I think my new stack will be:
Khan st4
Heartsong
Mogul
Wanted black is great but I’m not sure it’s what’s best for me since now I’m in a relationship. I don’t need all these temptations to cheat. I finally have a girl that I love and I wouldn’t want to break her heart.
Initially I thought I could fight the urge but it’s strong… WB makes me horny as hell and combine that with women you find sexy af throwing themselves at you… no way I could stay loyal.
Especially if I went to a party and got a bit drunk, it’s game over
Maybe I’ll finally make a custom and use Khan st4 and Wanted. Or maybe Divine Diamond, Heartsong and Wanted. Idk what I want to do but all I know is that I love being Wanted, it’s who I am at my core. So maybe I’ll put WB to rest and just stick with the Wanted core.
Is it normal to be antagonistic? Like when I flirt, I’m very antagonistic to the point where my girlfriend finds it odd.
Stupid example but we were playing uno with some of her friends and I got the card where I can make up a rule. So I said anytime someone picks up a card, my gf has to as well.
Later that night she expressed that she didn’t like that. “Baby we are in a relationship, we’re on the same team. Why do you antagonize me?”
I just sat there kind of speechless like… idk I thought it was funny. Obviously it’s a small example but these are the kinds of tricks I play on girls I like.
But I wonder if wanted’s mischievousness is unsuitable for a relationship. Or maybe is it just toxic behaviour from me. Cause I’ve always been aggressive, antagonistic, and borderline bullying women that I like. Obviously it’s in a semi joking manner but I’m starting to think maybe I’m just traumatized by my parents constantly arguing and yelling at each other.
It seemed they were always at odds with one another so maybe I’ve internalized that dynamic and I now subconsciously see it as a way to express love? Even if I don’t actually get angry and want to argue with my girl. The act of antagonizing her for fun is perhaps my way of replicating that dynamic I saw as a child.
There is a level in it which is harmless teasing if you’re there then it is fine in most cases. But when it goes beyond a threshold that is way too much then it will be a problem.
I feel like sh!t right now. Idk what my problem is, last week I went to 3 concerts and between that and seeing my girl as much as possible before she left for Chile…
I haven’t hit the gym in 2 weeks. I’ve been drinking more often, smoking cigars more and just relaxing for no reason.This short stint of hedonism has made me feel depressed and I don’t feel like myself right now.
I’m gonna force myself to go train, I need to reconnect with my true self. And hopefully Mogul will help kick my ass into gear cause now is not the time to get comfortable.
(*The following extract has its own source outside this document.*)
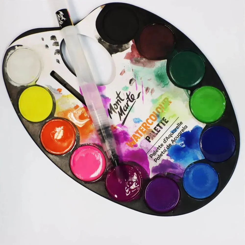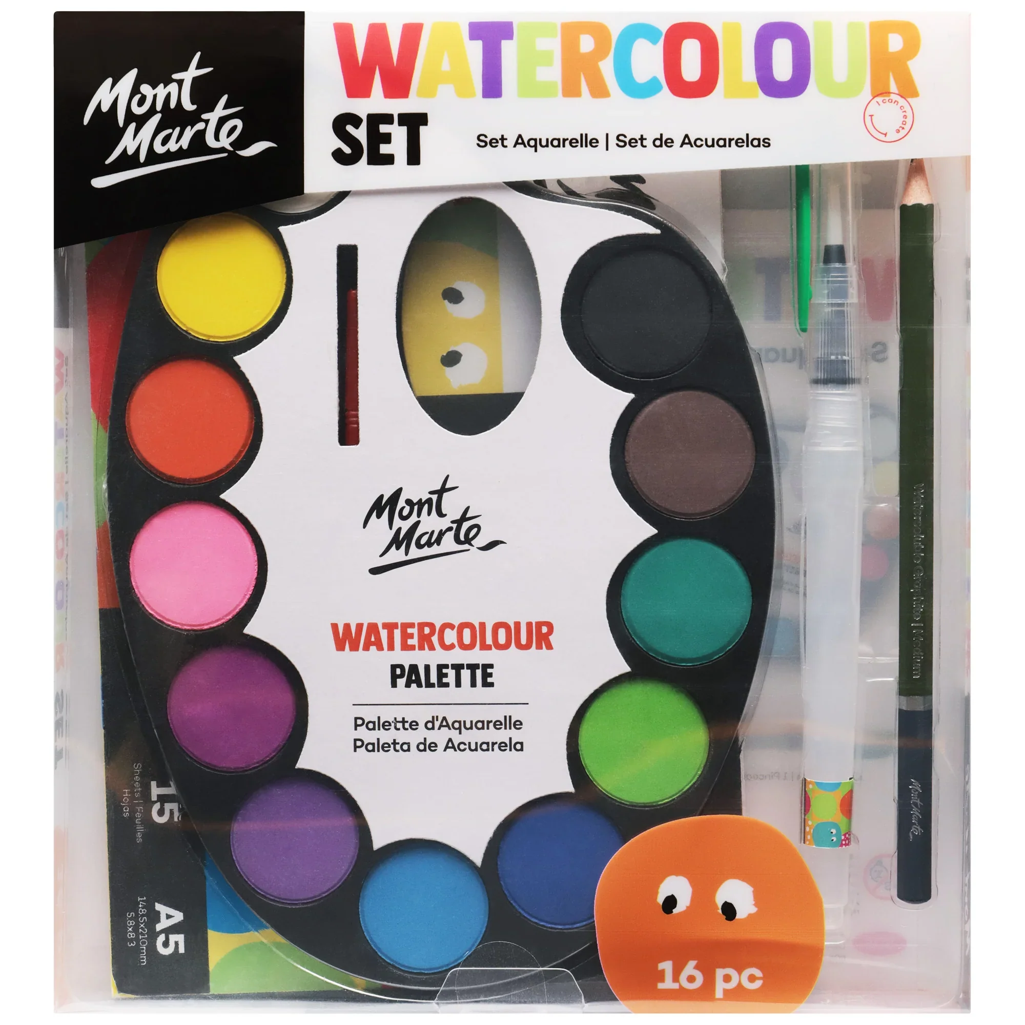 Permite que tu pequeño artista se sumerja en el mundo de la acuarela con nuestro el set de acuarelas de 16 piezas de Mont Marte.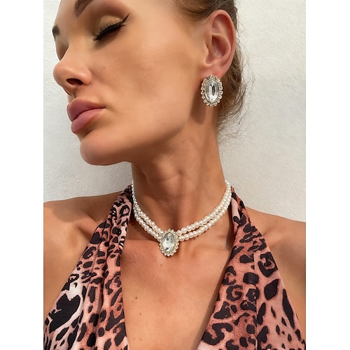 collana girocollo di perle orecchini 2 pezzi accessori flapper vintage anni '20 ruggenti anni '20 art deco per le donne

I always hate those stories of man gets a girlfriend, stops doing things like working out, eating healthy, seeing friends, staying on his mission etc. Gets too comfortable and next thing you know he’s a fat lazy average dude who’s entire life revolves around his gf.
So that’s not gonna be me
That’s a good decision, things could go downhill if you don’t do those things. I know this is unsolicited but for the goal of “finding your true self” if you are open to changing your stack you should definitely try Genesis.
My girlfriend’s missing me a lot. She’s been visiting her mom in Chile for a week now and she already wants to come home and be with me. Problem is her moms birthday is in 2 weeks so she feels obligated to stay.
She had a bad day yesterday and said it’s because she can’t stop thinking about me. “I need you here baby, I can’t do this.” “I miss having your body on top of me. Take 2 weeks off, come see me.”